Но потом я вспоминал эту брошку, а теперь то и дело тайком от всех поглядываю на нее. Вот, пожалуй, почему пророк Магомет запретил мусульманам изображать людей на рисунках. Тайком любуются! Ладно, это шутка. Лицо на брошке — один глаз больше, один меньше — кое-как сделано, любоваться как будто нечем. Гравер не знает, что такое тщательность, он равновесия не знает, симметрии. Однако есть в чертах девушки очарование, и есть очарование в небрежности рисунка. Кажется, уже говорил об этом, кажется, повторяюсь. Потому и повторяюсь, что понять не могу. Помните, как в вечер встречи Амир показал три брошки, помните, как все смеялись, как отец Амира Ибрагим, спасая сына от насмешек, забрал у него брошки и все превратил в шутку?..
«Ну и что, ну и помним, — скажете вы. — А ты все топчешься на месте, ни сам ничего не поймешь, ни нам объяснить не можешь!» Правильно, правильно — ничего не пойму! Поселилась в сердце тревога. Кто виноват? Сперва в Баку подцепил я болезнь — червячок сомнения; Амир приехал и он заразу привез. Правы те наши старики, которые по десять — пятнадцать лет никуда не выезжают, — душа их спокойна, орнамент их жизни ничем не нарушается.

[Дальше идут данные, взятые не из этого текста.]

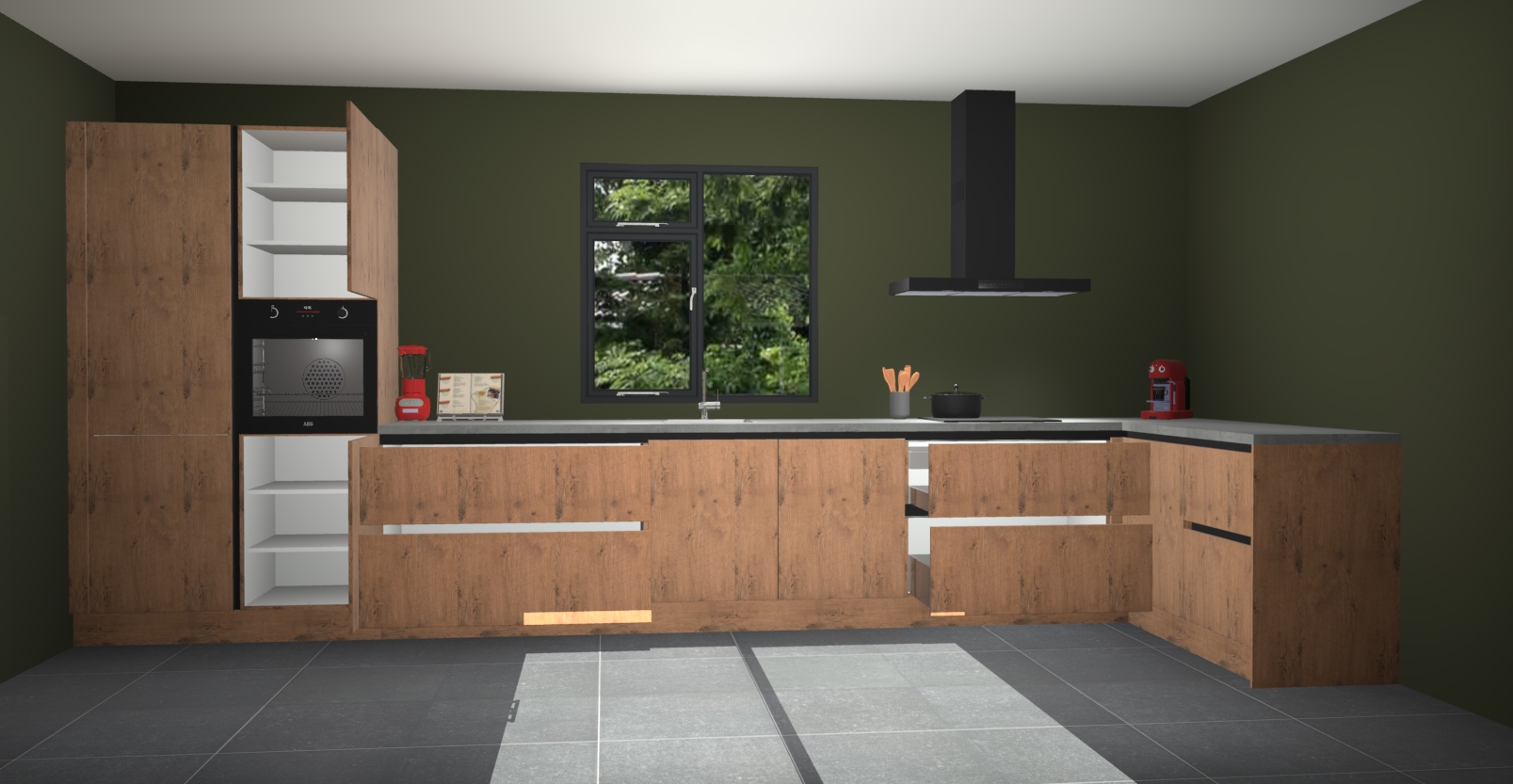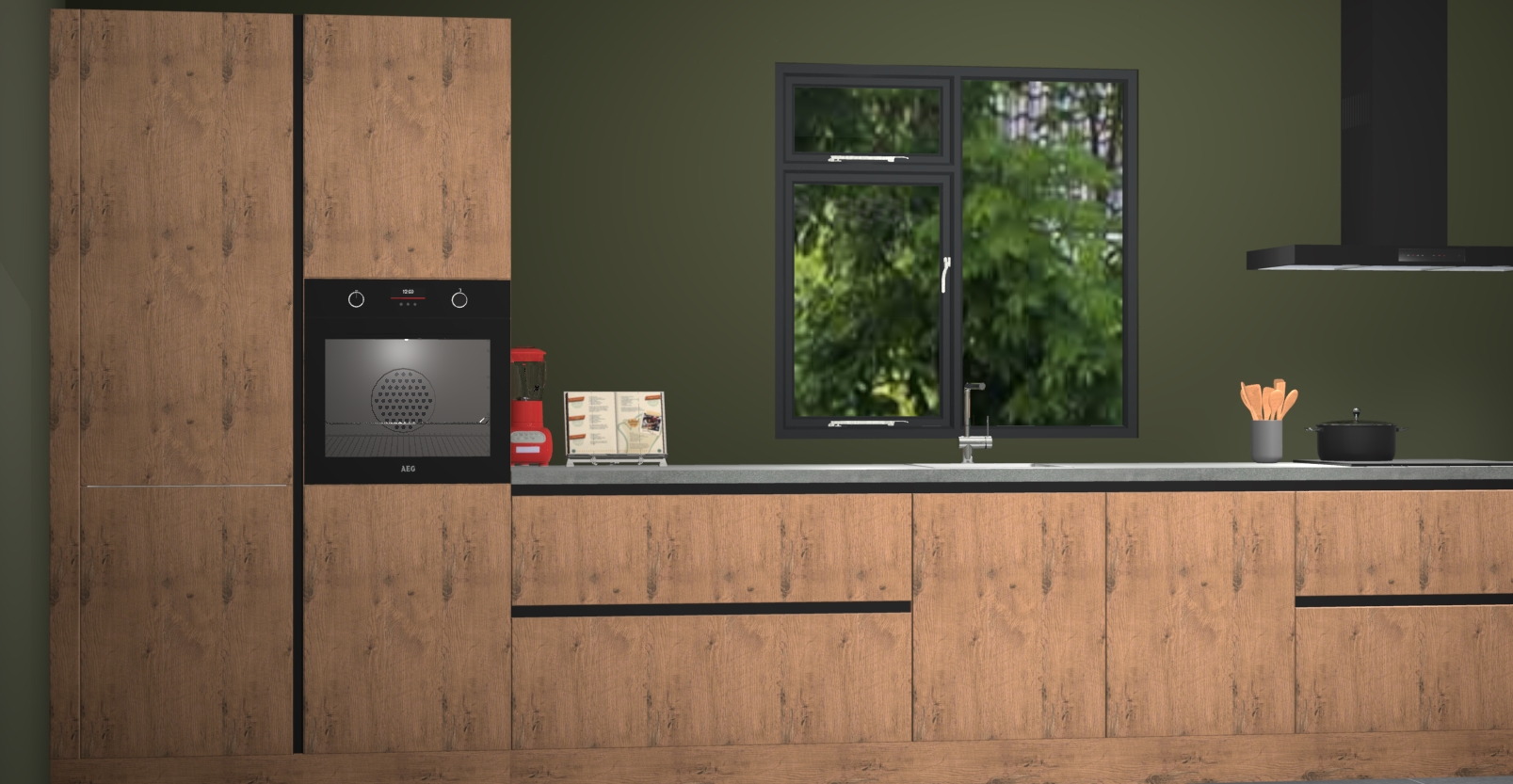 De Astoria eiken keuken Lille wordt geleverd met vijf inbouwapparaten - een oven, inductiekookplaat, afzuigkap, vaatwasser en koelkast. Maar dat is nog niet alles! Na bestelling kunnen deze apparaten eenvoudig worden geüpgraded naar premium AEG-apparatuur. Bovendien is er zelfs de optie om de oven te vervangen door een combimagnetron of uw inductiekookplaat te vervangen door een kookplaat met geïntegreerde afzuiging.

Пробовал я заговаривать об этих брошках со своим отцом. Он так посмотрел на меня, будто перед ним не сын, а баран. Небрежно бросил:
— Когда пятилетний ребенок рисует, можно серьезно оценивать?
— Отец, тысячи людей, десятки тысяч увлекаются небрежностью!
— Пусть по-твоему. Но при чем тут искусство, при чем мастерство? — Презрительно улыбнувшись и махнув рукой, отец ушел. Вдруг вернулся, сердито сказал: — Амир смеялся над всеми, а ты… Прошу тебя, никогда больше не напоминай. Ибрагим знать не хочет своего сына.
Но я, помнится, обещал о «Спидоле» рассказать — о рижском радиоприемнике. Он маленький, гладенький. Антенна из него поднимается длинной никелированной мачтой. Отец мой увидел:
— Какая красивая штука!
Мадина погладила рукой и сказала:
— Вот бы вы, папа, или ты, Хартум, вырезали бы орнамент и покрыли чернью…
Она смотрела на нас, будто ждала похвалы и даже покраснела от радости, которую ей принесла собственная мысль.
Правду говоря, я думал, что отец поддержит Мадину.
Приемничек, стоя среди чеканной и гравированной посуды, среди подносов и старинных тарелок, выглядел, как вещь из другого мира. Но во взгляде отца, которым он наградил Мадину, я прочитал удивление и жалость. Дернув плечом, он сказал:
— Может быть, и на электрическом утюге вырезать орнамент?
— Или на швейной машине, — сказал я.
Но Мадина, кажется, ничего не поняла.
— У нас новая швейная машина, а у соседей, я видела, давнишняя, немецкая: на ней золотой орнамент и нарисована женщина. Очень красиво!